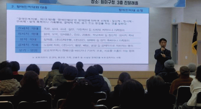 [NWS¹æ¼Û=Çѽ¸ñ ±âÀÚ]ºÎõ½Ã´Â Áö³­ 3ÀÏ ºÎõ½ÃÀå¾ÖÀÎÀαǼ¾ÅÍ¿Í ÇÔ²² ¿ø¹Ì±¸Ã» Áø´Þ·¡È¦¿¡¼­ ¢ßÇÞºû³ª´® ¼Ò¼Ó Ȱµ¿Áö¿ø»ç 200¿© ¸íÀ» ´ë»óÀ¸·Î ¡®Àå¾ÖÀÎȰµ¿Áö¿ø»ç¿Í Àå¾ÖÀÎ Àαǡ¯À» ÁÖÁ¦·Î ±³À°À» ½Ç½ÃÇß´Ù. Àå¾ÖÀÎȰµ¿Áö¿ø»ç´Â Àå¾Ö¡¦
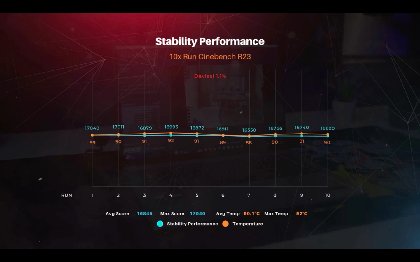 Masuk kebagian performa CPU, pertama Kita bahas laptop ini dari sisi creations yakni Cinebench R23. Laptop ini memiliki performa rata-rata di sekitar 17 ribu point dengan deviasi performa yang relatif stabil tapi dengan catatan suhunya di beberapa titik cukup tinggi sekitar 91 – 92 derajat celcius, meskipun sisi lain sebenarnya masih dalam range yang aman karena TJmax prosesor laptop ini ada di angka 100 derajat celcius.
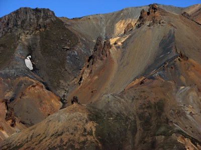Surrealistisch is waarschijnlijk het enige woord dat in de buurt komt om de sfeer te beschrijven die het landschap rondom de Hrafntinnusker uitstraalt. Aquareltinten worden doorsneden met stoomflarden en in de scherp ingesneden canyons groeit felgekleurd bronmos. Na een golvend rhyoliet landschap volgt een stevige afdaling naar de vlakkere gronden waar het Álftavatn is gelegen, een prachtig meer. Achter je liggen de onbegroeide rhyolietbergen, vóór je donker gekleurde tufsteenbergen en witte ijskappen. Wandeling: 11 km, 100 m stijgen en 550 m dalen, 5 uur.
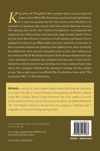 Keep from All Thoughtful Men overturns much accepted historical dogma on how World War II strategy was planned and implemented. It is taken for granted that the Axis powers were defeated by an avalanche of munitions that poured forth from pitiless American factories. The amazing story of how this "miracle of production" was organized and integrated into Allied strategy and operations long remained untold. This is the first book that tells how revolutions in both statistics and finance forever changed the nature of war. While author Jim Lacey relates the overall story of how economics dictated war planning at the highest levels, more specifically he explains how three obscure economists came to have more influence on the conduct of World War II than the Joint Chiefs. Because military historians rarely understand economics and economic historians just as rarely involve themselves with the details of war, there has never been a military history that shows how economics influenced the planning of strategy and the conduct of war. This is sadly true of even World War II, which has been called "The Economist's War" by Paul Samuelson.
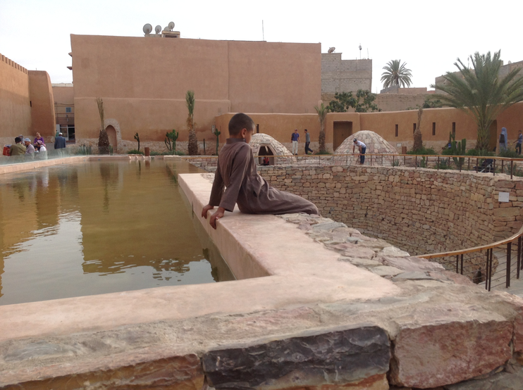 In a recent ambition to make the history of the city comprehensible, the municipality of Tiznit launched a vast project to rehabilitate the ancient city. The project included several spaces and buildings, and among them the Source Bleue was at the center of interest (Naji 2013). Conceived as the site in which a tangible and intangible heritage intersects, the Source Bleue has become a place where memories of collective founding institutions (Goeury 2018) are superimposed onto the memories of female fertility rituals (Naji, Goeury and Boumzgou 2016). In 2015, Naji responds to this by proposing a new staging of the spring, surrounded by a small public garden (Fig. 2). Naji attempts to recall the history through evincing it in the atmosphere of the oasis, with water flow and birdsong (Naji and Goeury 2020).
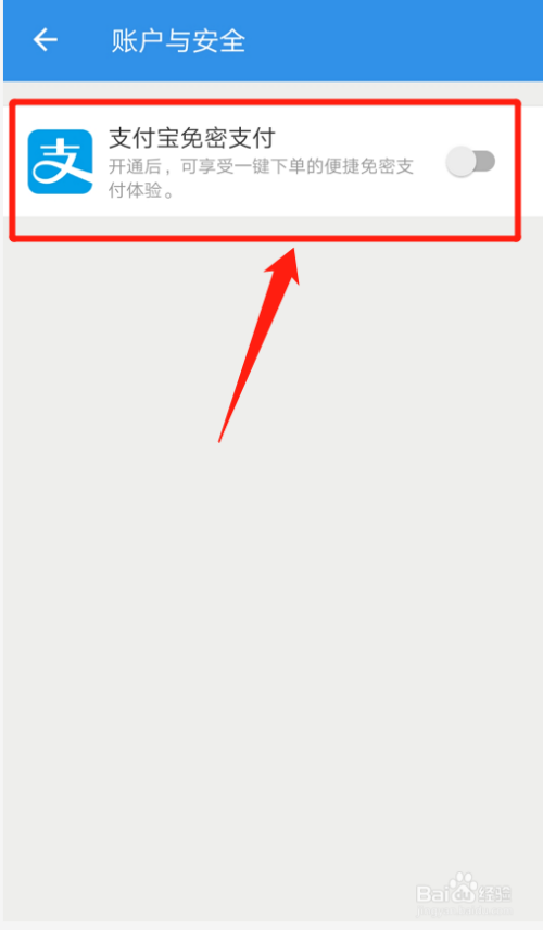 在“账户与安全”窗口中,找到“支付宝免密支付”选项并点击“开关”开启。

Aim of the task
Would you print all the entries again exactly, minus any pictures?

Answer space
 [NWS¹æ¼Û=Çѽ¸ñ ±âÀÚ]ºÎõ½Ã´Â Áö³­ 3ÀÏ ºÎõ½ÃÀå¾ÖÀÎÀαǼ¾ÅÍ¿Í ÇÔ²² ¿ø¹Ì±¸Ã» Áø´Þ·¡È¦¿¡¼­ ¢ßÇÞºû³ª´® ¼Ò¼Ó Ȱµ¿Áö¿ø»ç 200¿© ¸íÀ» ´ë»óÀ¸·Î ¡®Àå¾ÖÀÎȰµ¿Áö¿ø»ç¿Í Àå¾ÖÀÎ Àαǡ¯À» ÁÖÁ¦·Î ±³À°À» ½Ç½ÃÇß´Ù. Àå¾ÖÀÎȰµ¿Áö¿ø»ç´Â Àå¾Ö¡¦
 Masuk kebagian performa CPU, pertama Kita bahas laptop ini dari sisi creations yakni Cinebench R23. Laptop ini memiliki performa rata-rata di sekitar 17 ribu point dengan deviasi performa yang relatif stabil tapi dengan catatan suhunya di beberapa titik cukup tinggi sekitar 91 – 92 derajat celcius, meskipun sisi lain sebenarnya masih dalam range yang aman karena TJmax prosesor laptop ini ada di angka 100 derajat celcius.
Surrealistisch is waarschijnlijk het enige woord dat in de buurt komt om de sfeer te beschrijven die het landschap rondom de Hrafntinnusker uitstraalt. Aquareltinten worden doorsneden met stoomflarden en in de scherp ingesneden canyons groeit felgekleurd bronmos. Na een golvend rhyoliet landschap volgt een stevige afdaling naar de vlakkere gronden waar het Álftavatn is gelegen, een prachtig meer. Achter je liggen de onbegroeide rhyolietbergen, vóór je donker gekleurde tufsteenbergen en witte ijskappen. Wandeling: 11 km, 100 m stijgen en 550 m dalen, 5 uur.
 Keep from All Thoughtful Men overturns much accepted historical dogma on how World War II strategy was planned and implemented. It is taken for granted that the Axis powers were defeated by an avalanche of munitions that poured forth from pitiless American factories. The amazing story of how this "miracle of production" was organized and integrated into Allied strategy and operations long remained untold. This is the first book that tells how revolutions in both statistics and finance forever changed the nature of war. While author Jim Lacey relates the overall story of how economics dictated war planning at the highest levels, more specifically he explains how three obscure economists came to have more influence on the conduct of World War II than the Joint Chiefs. Because military historians rarely understand economics and economic historians just as rarely involve themselves with the details of war, there has never been a military history that shows how economics influenced the planning of strategy and the conduct of war. This is sadly true of even World War II, which has been called "The Economist's War" by Paul Samuelson.
 In a recent ambition to make the history of the city comprehensible, the municipality of Tiznit launched a vast project to rehabilitate the ancient city. The project included several spaces and buildings, and among them the Source Bleue was at the center of interest (Naji 2013). Conceived as the site in which a tangible and intangible heritage intersects, the Source Bleue has become a place where memories of collective founding institutions (Goeury 2018) are superimposed onto the memories of female fertility rituals (Naji, Goeury and Boumzgou 2016). In 2015, Naji responds to this by proposing a new staging of the spring, surrounded by a small public garden (Fig. 2). Naji attempts to recall the history through evincing it in the atmosphere of the oasis, with water flow and birdsong (Naji and Goeury 2020).
 在“账户与安全”窗口中,找到“支付宝免密支付”选项并点击“开关”开启。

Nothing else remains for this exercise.